MH: That is a very admirable attitude. Apart from networking with international colleagues, what other benefits of the TransCultAA project would you like to pursue further?

BM: The great thing about the project was that so many young researchers and students were involved. They participated, for example, in seminars investigating provenance of artworks from Slovenian Modernist exhibition seized in 1941 in Ptuj (Pettau) and presented the results at a conference. Their enthusiasm showed how valuable it is to foster the awareness of young generations of this issue.
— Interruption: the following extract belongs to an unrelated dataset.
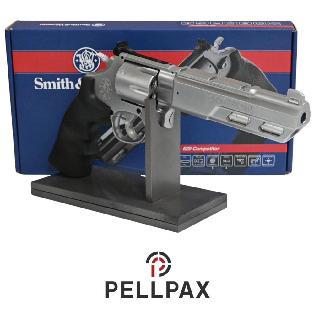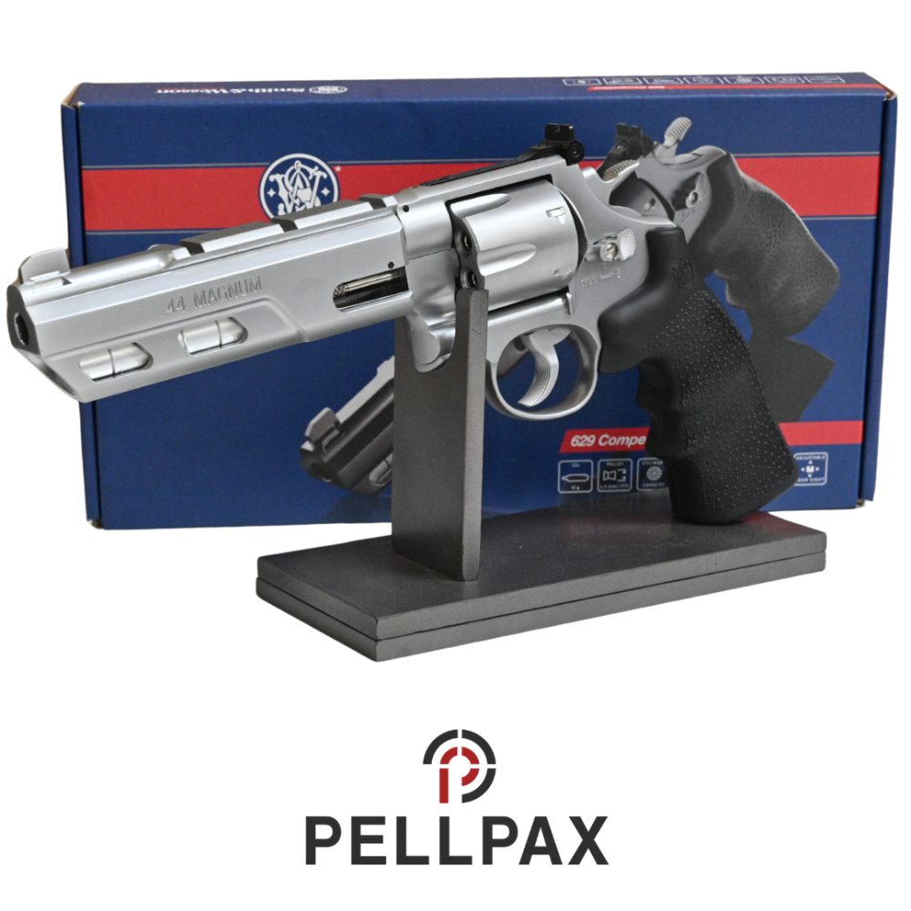 This preowned Smith and Wesson 629 competitor is a .177 Pellet calibre air pistol within an Original Box. This pistol is in great condition with minor usage marks.

Towards the end of the project it also became clear to me how important and fruitful it will be to make direct use of the methods of the digital humanities for future documentation, research and processing of the social traumas that we Europeans carry in us and that are repeatedly manifested in our culture, regardless of which side our forefathers belonged to as nations, representatives of social classes and ideologies or as individuals.

MH: Thank you, Barbara, for these frank insights. I wish you all the best for your future projects.

Prof. Barbara Murovec is an art historian. She is principal investigator in the HERA project TransCultAA, taken over in 2019 by the Research and Documentation Centre JAS in Ljubljana and extended cost-neutrally until November 2020. Currently, she is a DAAD Fellow at the Zentralinstitut für Kunstgeschichte in Munich.

Prof. Meike Hopp is an art historian and provenance researcher. Since November 2019 she has headed the department of Digital Provenance at the TU Berlin. She is also chairperson of Arbeitskreis Provenienzforschung e.V.